Give me your cell phone.
Since when, we have reservations about each other, and gradually even concealment has become a habit.
first tell the story of a friend. Xiao A has been with her boyfriend for more than a year, and the couple are sticky every day, which is very enviable. Two people have absolute trust in each other, which is the type that knows each other's cell phone password and won't turn over the phone.
Ranging from the sexy to the sober, our tea length wedding dresses for older brides are definitely fundamental. Click and choose your dreaming and favorite garments.
this is both a good thing and a bad thing. The bad thing happened not long ago, Xiao An and his boyfriend went to the supermarket and refueled at the gas station on the way back. Xiao A's boyfriend got off to the convenience store to buy a gas card and left his cell phone in the car. When Xiao A was waiting for boredom, suddenly her boyfriend's cell phone beeped several times, and about 3 or 4 messages came in. In a moment of curiosity, Xiao An opened her boyfriend's cell phone for the first time. It was a text message from a girl.
Xiao A's brain exploded immediately, and immediately flipped through the chat notes and the girl's circle of friends, as if he had discovered a new world, and suddenly went black in the car.

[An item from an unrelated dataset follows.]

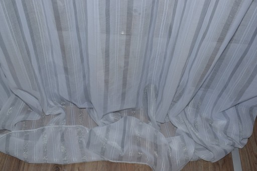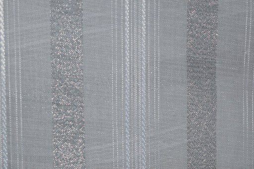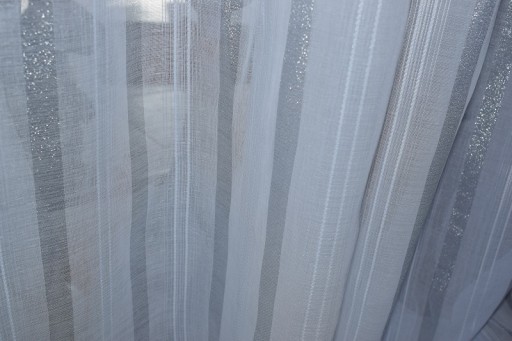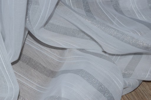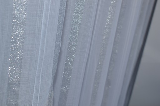 oprócz białej=śmietanowej nitki wpleciono srebrne mieniące się PASY SZRONU przez co tkanina magicznie połyskuje podnosząc jej walor estetyczny.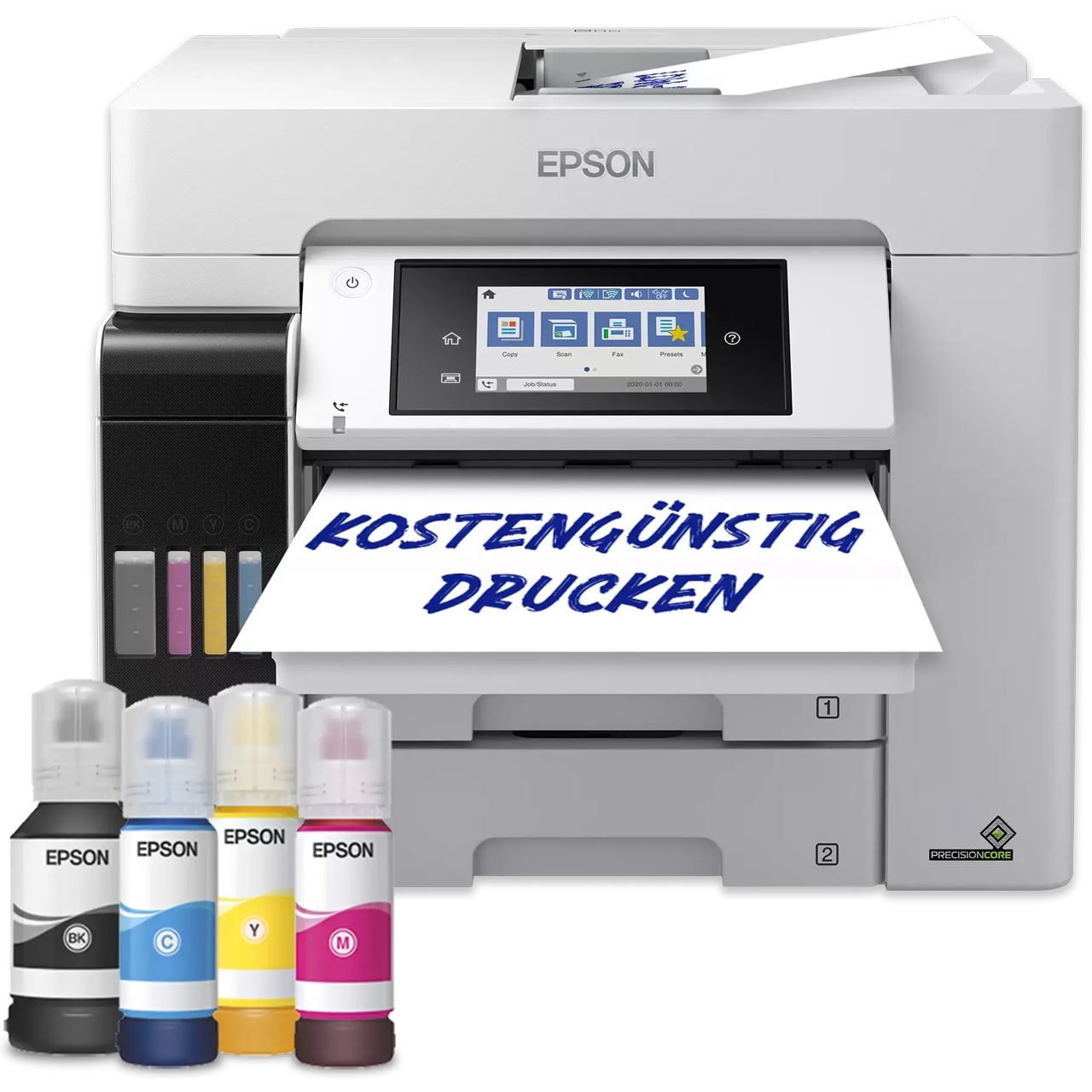 Epson EcoTank Pro ET-5885. Drucktechnologie: Tintenstrahl, Drucken: Farbdruck, Maximale Auflösung: 4800 x 2400 DPI, Druckgeschwindigkeit (Farbe, normale Qualität, A4/US Letter): 25 Seiten pro Minute. Kopieren: Farbkopieren. Scannen: Farbscan, Optische Scan-Auflösung: 2400 x 1200 DPI. Faxen: Farbfaxen. Duplexfunktion: Kopieren, Drucken, Scannen. Maximale Papiergröße der ISO A-Serie: A4. WLAN. Direktdruck. Produktfarbe: Schwarz, Weiß

there are so many ways to end up in love, but someone has chosen such an awkward one. many people have said that I want Tian Chang Di Jiu (Eternal Dumpling), I want pure feelings, and I want to be together for a lifetime, but in the end, I just deviated from the way, and in the end, it was one person's change of heart that broke another person's heart.
everyone is selfish, leaving themselves as many options as possible in their relationship, a spare tire, a chat, or a broken ex. Everyone is afraid that they will not be able to go to the end with the person in front of them, afraid that they will end up empty-handed, so they will go hand in hand with each other while they are afraid of each other, but in the end they will not be able to go to the end with anyone.
emotion is a slow process of being hammered. Love fades, expectation fades day by day, and finally becomes like a hammered cow.
I hope you, ah, don't be a detective in love.
how easy it is to separate, delete contact information from each other, and then slowly exit from each other's life circle without communicating. as for marriage, it is nothing more than a visit in the Civil Affairs Bureau, stamping a seal, and from then on parting and breaking up. it's a pity that feelings are not such a black-and-white case book, and it's not that you can be happy forever by following the rules and regulations.
I used to think that love and betrayal are a group of antonyms. I thought that if you love someone, you can't bear to be aggrieved by each other. Later, I met a lot of people and knew a lot of stories. I asked those men who were having an affair that the person you loved was the object of the affair. Almost all the men who had cheated told me that I loved my wife /girlfriend and was just thinking about my lover on a whim.
look, when love began to breed such complicated branches. Some people say it's temptation, some say it's an act, and some people say it's not allowed. when did we start to have reservations about each other, and gradually even became a habit of concealing it.
I have to say how strong a girl's sixth sense is. With a little bit of something wrong, she will be able to find out the secret in the end. But there are also many girls who put away their secrets and bury the remains deep in the ground.
if you ask them what they are insisting on, they probably won't be able to give a clear answer. It is like a string in my heart, which has been firmly tightened. Everyone knows that the string will be broken sooner or later, but everyone is afraid that it will be broken.
I don't want to be a love detective. In fact, I'm afraid of being too careful in love. I love you so much, how afraid one day in the clues that you want to give up my clues, then all the superficial sweetness can no longer be disguised, and my fragility will have nowhere to hide.
when I am beside you, leaning on your shoulder,
you put your arms around me and say you love me, but I feel so strange.